Motobu Chōyū (本部 朝勇) was an Okinawan martial artist. He was also Ryukyuan royalty and the 11th sōke ("family head") of the Motobu Udun (本部御殿), a branch of the Ryukyuan royal family. His younger brother was a karate master, Motobu Chōki.

== Life ==
Motobu Chōyū was born in 1865 in Shuri Akahira, the capital of the Ryukyu Kingdom, the first son of father Chōshin and mother Ushi. His father, Prince Motobu Chōshin (Motobu Aji Chōsin) was a descendant of Shō Kōshin, aka Prince Motobu Chōhei (1655 - 1687), the sixth son of Shō Shitsu (1629–1668), the King of Ryukyu. The Motobu family was one of the cadet branches of the Ryukyuan royal family called the Motobu Udun ("Motobu Palace") and was one of the most prominent families in Okinawa.
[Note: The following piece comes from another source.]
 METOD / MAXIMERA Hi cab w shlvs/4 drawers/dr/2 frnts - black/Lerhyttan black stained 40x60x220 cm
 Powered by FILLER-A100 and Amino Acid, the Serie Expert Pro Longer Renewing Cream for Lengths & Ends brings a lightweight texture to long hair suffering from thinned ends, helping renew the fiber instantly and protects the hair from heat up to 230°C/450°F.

Chōyū learned the martial art passed down in the Motobu family, called ushu-ganashi-mē no bugei, or "the king's martial art," from the age of six. He then studied Shuri-te karate and koryū ("old school") Japanese martial arts under the legendary karateka Matsumura Sōkon.
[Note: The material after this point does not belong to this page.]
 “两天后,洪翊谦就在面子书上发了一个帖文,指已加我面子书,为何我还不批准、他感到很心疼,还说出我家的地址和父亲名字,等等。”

In 1881, Chōyū invited Itosu Ankō to the palace of the Motobu Udun, where he and his brother Chōki learned karate from him. From the age of 24 or 25, Chōyū, along with his younger brother Chōki and his friend Kentsū Yabu, began studying under Matsumora Kōsaku from Tomari.

Chōyū had three sons, but the downfall of the family combined with the emigration of his sons to mainland Japan made the succession of Motobu Udundī difficult. He decided to teach Motobu Udundī to his student Uehara Seikichi, and asked Uehara to teach this martial art to his second son Chōmō, who lived in Wakayama.

In March 1918, Motobu Chōyū, along with other martial arts masters, was invited to a martial arts seminar at the Okinawa Prefectural Normal School. He demonstrated the kata of Shōchin (Motobu-shi Sōchin).

Uehara went to Wakayama in 1923 and spent six months teaching Chōmo the techniques he had learned from Chōyū.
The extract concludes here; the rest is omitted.